*** Supplied data ***

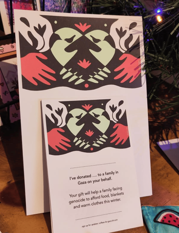 Note: Although this family's fundraiser is in GBP, if you click on the donate button you'll see that you have the option to give in several different currencies. 2) Winter flooding and cold destroyed several families' belongings Winter in Gaza brings not only cold weather that families must face in tents and damaged buildings. It also frequently brings torrential rains. A couple of weeks ago, flooding destroyed the belongings of many of our families. The flood water was also contaminated with sewage and poses significant health risks such as hepatitis and other communicable diseases. Many of you supported Adbullah in evacuating from Gaza City after their home was bombed and a wall collapsed on his young son Amir. Abdullah has diabetes and other complex chronic health conditions. He and his wife Haneen and their 4 children barely have enough support to purchase food, let alone life sustaining medication. Abdullah and Haneen's tent was recently flooded and the belongings they'd only recently purchased were soaked. He is too sick to do anything to repair the tent or salvage his belongings, and his tent is not sufficient to keep the rain out. The family needs winter clothes, blankets, tarps, and urgently need reliable and consistent donors to help stabilize providing for his and his family's basic needs including his required medication. >>Donate to Abdullah and Haneen (click on the campaign's donate button to see a variety of currency options)>> Nourhan and her two young children Najat (age 5) and Mohammed (age 3) have been displaced more times than we can count, having to replace their belongings each time. The family's belongings were submerged when their tent was flooded, and all of their food was spoiled. It had previously taken months of fundraising to replace their belongings and Nourhan once again finds herself being forced to start over. They need new mattresses, bedding, and other basics. >>Donate to Nourhan (donations can be made in Euros or USD)<< Tahani and her husband Mohammed have four teenage children (Munther, Jana, Hala, and Ezz). Their home was destroyed early in the war. They have been living in a tent and have been displaced many times. Tahani's family is completely reliant on our donor community for day to day items like food. Many of the family's belongings, including their bedding, were ruined in the recent flooding. >>Donate to Tahani (donations can be made in Swedish krona or USD)<< 3) Honor a loved one with this beautiful holiday card when you give to a CFG family Have you considered making a gift to one of our Coffees for Gaza families in honor of a friend or family member? Billy Ruffian has designed a beautiful holiday card that you can print out to notify them of your gift. Simply make a donation to any of our families. You can choose one of the families listed above, or find the fundraising campaigns here for all of the families we are in relationship with. Then, reply to this email letting me know you've made a gift and I'll email you the printable card. 4) A virtual baby shower for Oday and Rawan Pediatric dentists Oday and Rawan welcomed their first baby Yaman (pictured here) during the genocide, and Yaman will become a big brother any day now! Coffees for Gaza volunteer Elisabeth Sophia is organizing a virtual baby shower to help the family with the baby clothes, nappies, and other essentials to surround him with love and warmth. >>Take part in the baby shower for Oday and Rawan's bundle of joy!<< 5) Attention monthly donors on Open Collective: action needed For more than a year, Coffees for Gaza superstar volunteer Billy Ruffian has managed our monthly giving community on Open Collective. Collecting donations and allocating them among urgent needs families has taken up a huge amount of time for Billy and the other handful of volunteers who help with this task. We now need to move to a more sustainable donation system. You can get all the details on why we are making this change here. If you currently have an Open Collective monthly subscription, or if you are interested in providing one of our families with a monthly donation, please fill out this Family Sponsorship form. We will match you with a family whose fundraising campaign (i.e. GoFundMe, Chuffed, etc) is carried out in your local currency, along with instructions about how to set up a monthly gift directly to their campaign. You can then cancel your monthly donation on Coffees for Gaza's Open Collective. Open Collective has instructions on how to cancel a donation here. Thank you for your flexibility as we make this shift, which we hope will make our work more sustainable both for our volunteers and our families. Need help making this transition? Hit reply and let me know. With love and solidarity, Rebekah Gienapp and the Coffees for Gaza team Invite a friend to subscribe | Coffees for Gaza on Instagram | Family Sponsor Program |
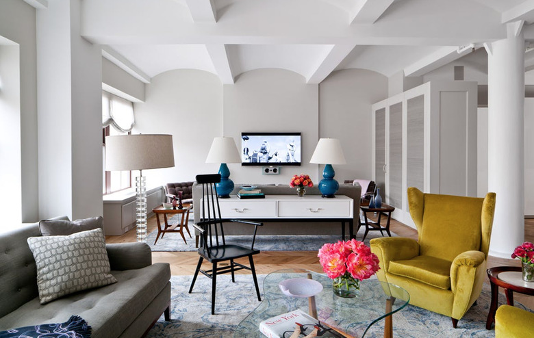 When your living room doubles as the recreation zone, you might have to get creative to maximize the space. Install your TV on a pull-out shelf like this one in this design from Chango & Co. That way you can point the screen where you want it, when you want it.
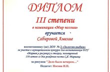 Муниципальный конкурс для воспитанников ДОУ "Маршак в рисунках и стихах", посвященный 130-летию со дня рождения поэта С.Я.Маршака. Воспитанница подготовительной к школе группы №10 Сабирова Амелия и педагог Носова М.Н. награждены Дипломом III степени в номинации "Мир поэзии". Поздравляем! 30.11.2017
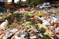 Festival garbage piled up at KR Market, in Bengaluru on Tuesday 8th October 2019
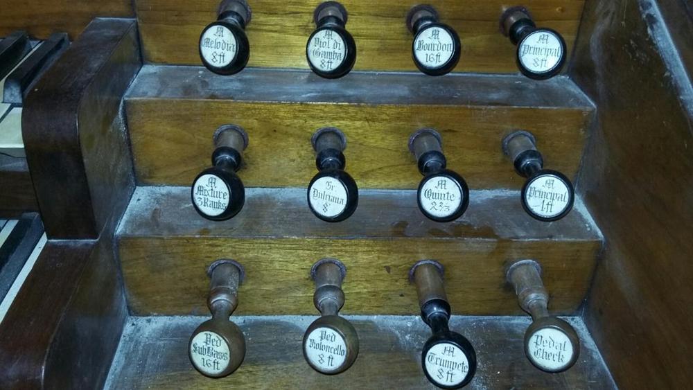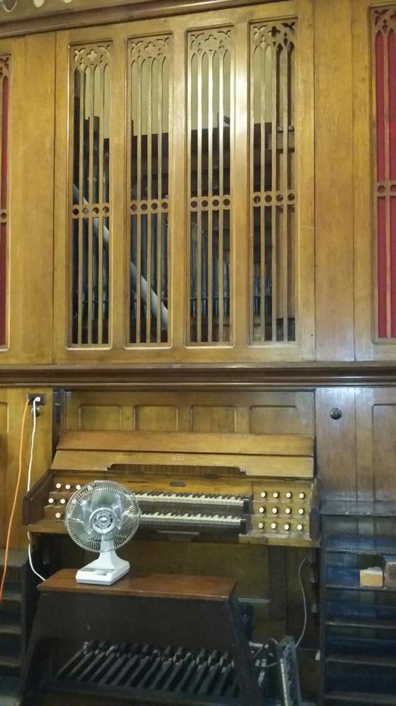 Updated through on-line information from Russell Nance. -- I did some work on this tracker action in the 1970s. I fixed a few air leaks and put some new leather on the SW to GT couplers. I visited the organ in 1999 and discovered that the roof directly above the organ leaked and damaged the keydesk and chest. At present (2008) the organ is unplayable. The congregation has not used the main sanctuary since the 1970s and has no money for organ restoration. In my opinion the organ should be sold and removed form the building. I was told by a previous organist that the organ was built in 1871 for the then Trinity Lutheran Church (later to become Prince of Peace Lutheran). The organ was probably rebuilt in 1891. A few of the original drawbars have the word "Manual" instead of "Great."
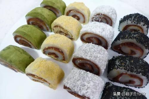 金灿灿的黄豆面,包裹糯米面饼,中间夹上不同馅料卷起而成,香甜可口,软糯劲道,豆香扑鼻,口感细腻。颜色有黄,白,红,等,充满食欲和诱惑,特别可爱。
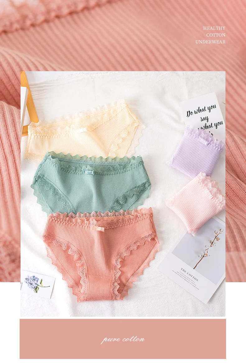 Трусики женские хлопковые кружевные дышащие, сексуальное нижнее белье
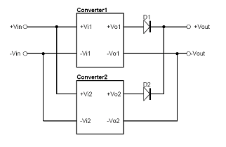 圖3-2為使用Decoupling Diode方式的輸出并聯應用方式,其方式為在二組電源模塊的輸出端,分別串接上二極管,再并聯使用。
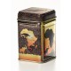 Boîte métal carrée, aux couleurs de l'Afrique, sobre et chaleureuse.
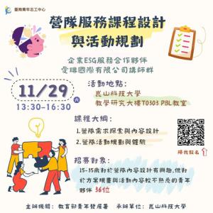 五、主辦機關:教育部青年發展署;承辦單位:青年發展署臺 南青年志工中心(崑山科技大學)。 六、檢附課程資料及宣傳圖檔。

*** End of Supplied data ***

## What to do
What the answer needs is every line from the one with "Трусики женские хлопковые" through the last line of the data, reproduced word for word and with pictures omitted.

## Written answer
 Трусики женские хлопковые кружевные дышащие, сексуальное нижнее белье
 圖3-2為使用Decoupling Diode方式的輸出并聯應用方式,其方式為在二組電源模塊的輸出端,分別串接上二極管,再并聯使用。
 Boîte métal carrée, aux couleurs de l'Afrique, sobre et chaleureuse.
 五、主辦機關:教育部青年發展署;承辦單位:青年發展署臺 南青年志工中心(崑山科技大學)。 六、檢附課程資料及宣傳圖檔。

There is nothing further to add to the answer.